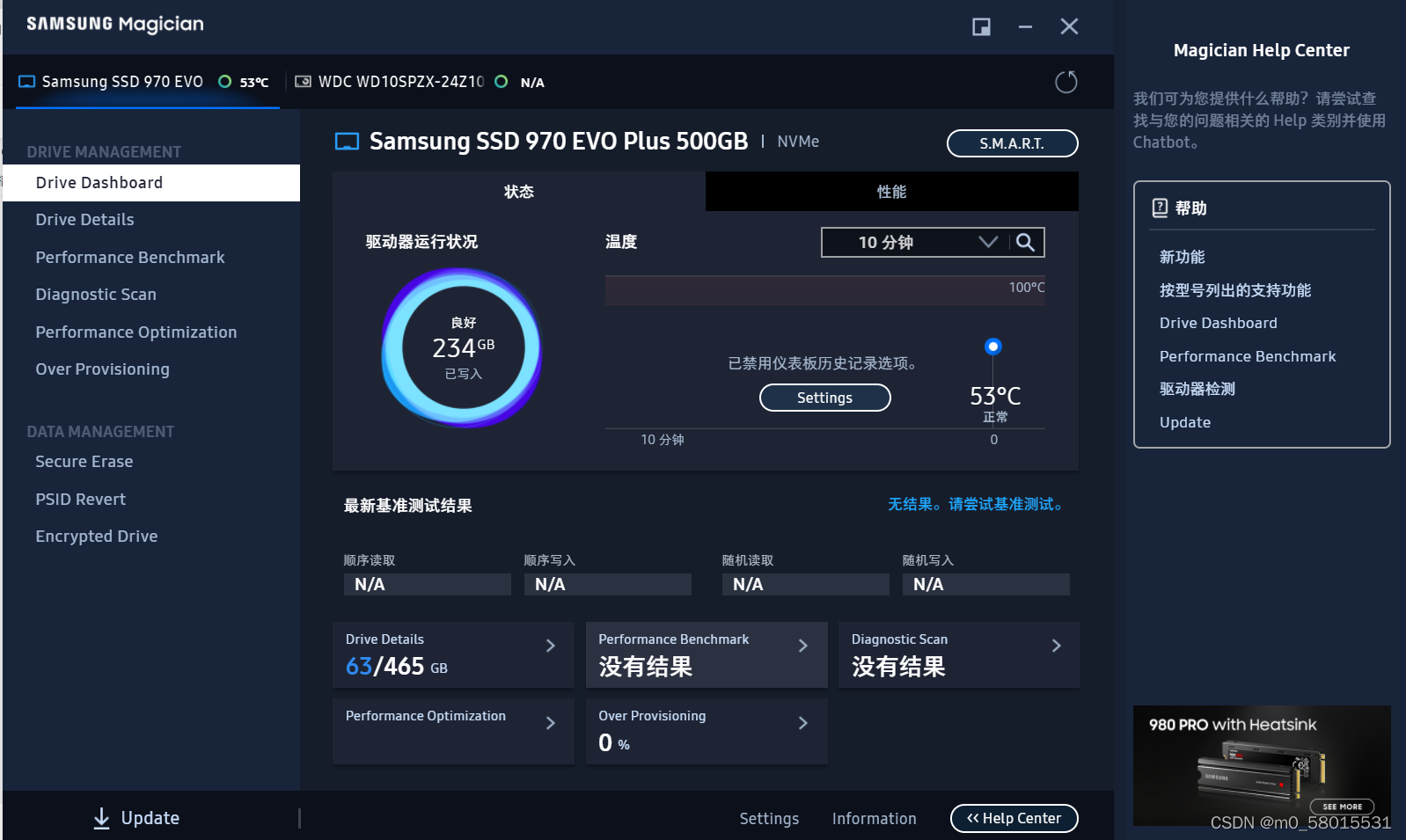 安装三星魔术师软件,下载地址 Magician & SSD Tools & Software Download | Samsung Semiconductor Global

——————————

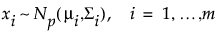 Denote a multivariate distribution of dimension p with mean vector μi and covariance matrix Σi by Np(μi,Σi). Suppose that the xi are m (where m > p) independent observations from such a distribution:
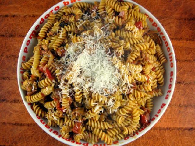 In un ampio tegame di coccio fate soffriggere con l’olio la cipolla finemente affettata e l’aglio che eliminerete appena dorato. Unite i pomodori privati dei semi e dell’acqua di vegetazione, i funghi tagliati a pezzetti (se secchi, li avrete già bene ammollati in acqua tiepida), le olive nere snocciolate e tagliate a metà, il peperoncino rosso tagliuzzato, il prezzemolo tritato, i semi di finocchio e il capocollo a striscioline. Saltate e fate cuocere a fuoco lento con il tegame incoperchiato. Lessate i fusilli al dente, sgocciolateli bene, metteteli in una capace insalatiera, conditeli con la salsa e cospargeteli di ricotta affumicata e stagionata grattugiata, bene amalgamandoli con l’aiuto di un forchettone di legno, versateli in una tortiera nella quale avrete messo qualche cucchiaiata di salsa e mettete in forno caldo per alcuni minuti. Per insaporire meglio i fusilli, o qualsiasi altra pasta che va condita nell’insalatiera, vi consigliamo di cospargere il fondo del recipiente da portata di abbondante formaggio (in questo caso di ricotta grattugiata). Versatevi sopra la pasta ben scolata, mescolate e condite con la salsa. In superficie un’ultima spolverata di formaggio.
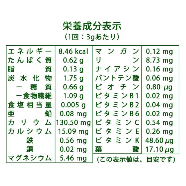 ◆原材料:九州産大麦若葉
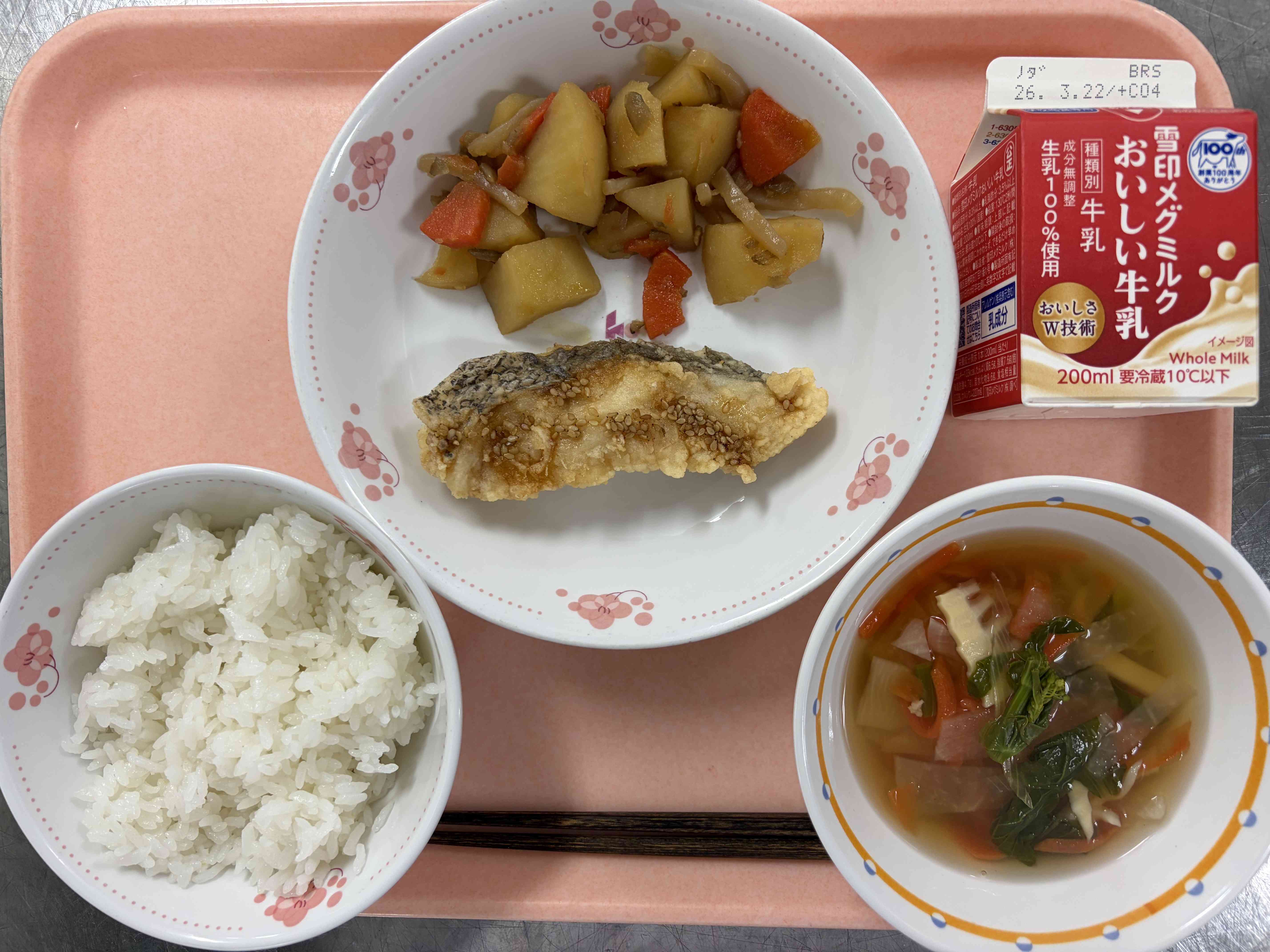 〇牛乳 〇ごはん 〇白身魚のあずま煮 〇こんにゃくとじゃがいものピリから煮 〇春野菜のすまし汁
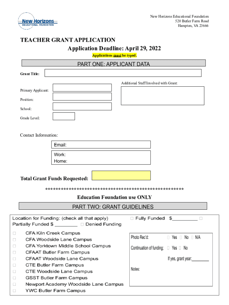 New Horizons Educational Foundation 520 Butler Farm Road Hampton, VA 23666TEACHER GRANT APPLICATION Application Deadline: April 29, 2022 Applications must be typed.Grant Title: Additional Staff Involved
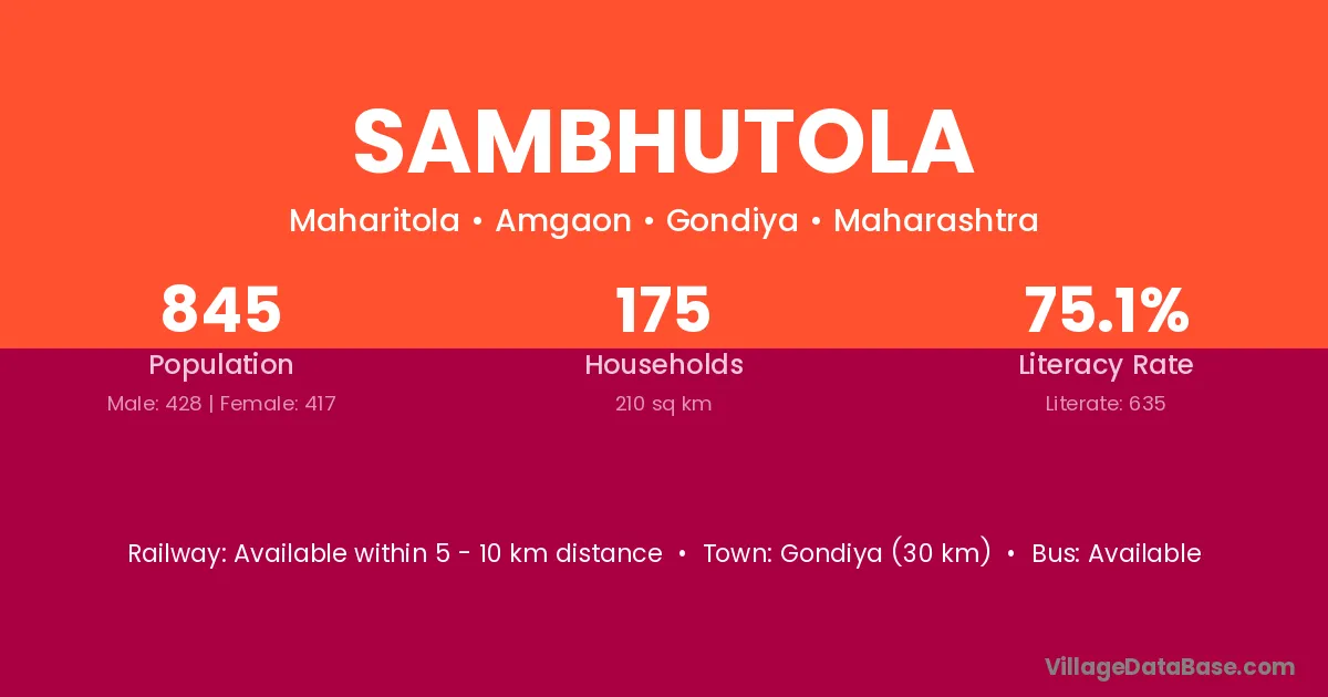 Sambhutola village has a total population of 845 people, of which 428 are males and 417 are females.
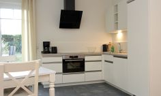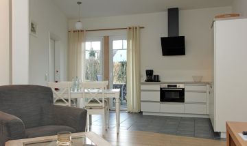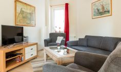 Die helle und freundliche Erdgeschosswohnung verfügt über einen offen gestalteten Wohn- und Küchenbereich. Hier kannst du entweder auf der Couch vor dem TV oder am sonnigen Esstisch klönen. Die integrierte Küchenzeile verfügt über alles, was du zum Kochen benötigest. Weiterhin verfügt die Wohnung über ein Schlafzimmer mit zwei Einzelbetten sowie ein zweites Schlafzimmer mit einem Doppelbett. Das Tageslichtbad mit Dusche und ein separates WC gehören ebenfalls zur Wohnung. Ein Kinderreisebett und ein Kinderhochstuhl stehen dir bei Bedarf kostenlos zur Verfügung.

——————————

▶ _Goal of the exercise_
Repeat exactly the lines above, from the line that contains "New Horizons Educational" down through the line that contains "Sambhutola village has". Include both of those lines and none of the pictures.

▶ _Answer for the task_
 New Horizons Educational Foundation 520 Butler Farm Road Hampton, VA 23666TEACHER GRANT APPLICATION Application Deadline: April 29, 2022 Applications must be typed.Grant Title: Additional Staff Involved
 Sambhutola village has a total population of 845 people, of which 428 are males and 417 are females.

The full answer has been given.